When Anomalies Depend on Context: Learning Conditional Compatibility for Anomaly Detection
Shashank Mishra, Didier Stricker, Jason Rambach
TL;DR
This work tackles contextual anomaly detection, where abnormality is defined by subject–context compatibility rather than intrinsic appearance. It formalizes anomaly labels as $y = h(a,c)$ and introduces CAAD-3K, a controlled benchmark that isolates contextual violations via a cross-context split, enabling robust evaluation of generalization to unseen subject–context pairs. The proposed CoRe-CLIP framework uses a vision–language backbone with three visual branches (subject, context, global) and text refinement to learn conditional compatibility through a text-conditioned Compatibility Reasoning Module (CRM), achieving state-of-the-art results on CAAD-3K and strong generalization to MVTec-AD, VisA, and real-world OOC datasets. Empirical results, ablations, and qualitative analyses support that explicit modeling of subject–context relationships provides complementary benefits to traditional appearance-based anomaly detection. The approach offers a principled path toward robust, context-aware perception in open-world settings.
Abstract
Anomaly detection is often formulated under the assumption that abnormality is an intrinsic property of an observation, independent of context. This assumption breaks down in many real-world settings, where the same object or action may be normal or anomalous depending on latent contextual factors (e.g., running on a track versus on a highway). We revisit \emph{contextual anomaly detection}, classically defined as context-dependent abnormality, and operationalize it in the visual domain, where anomaly labels depend on subject--context compatibility rather than intrinsic appearance. To enable systematic study of this setting, we introduce CAAD-3K, a benchmark that isolates contextual anomalies by controlling subject identity while varying context.
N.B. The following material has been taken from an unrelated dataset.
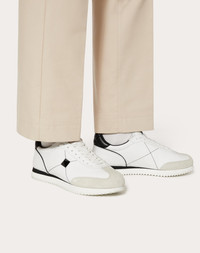 STUD AROUND LOW-TOP CALFSKIN AND NAPPA LEATHER SNEAKER

We further propose a conditional compatibility learning framework that leverages vision--language representations to model subject--context relationships under limited supervision. Our method substantially outperforms existing approaches on CAAD-3K and achieves state-of-the-art performance on MVTec-AD and VisA, demonstrating that modeling context dependence complements traditional structural anomaly detection. Our code and dataset will be publicly released.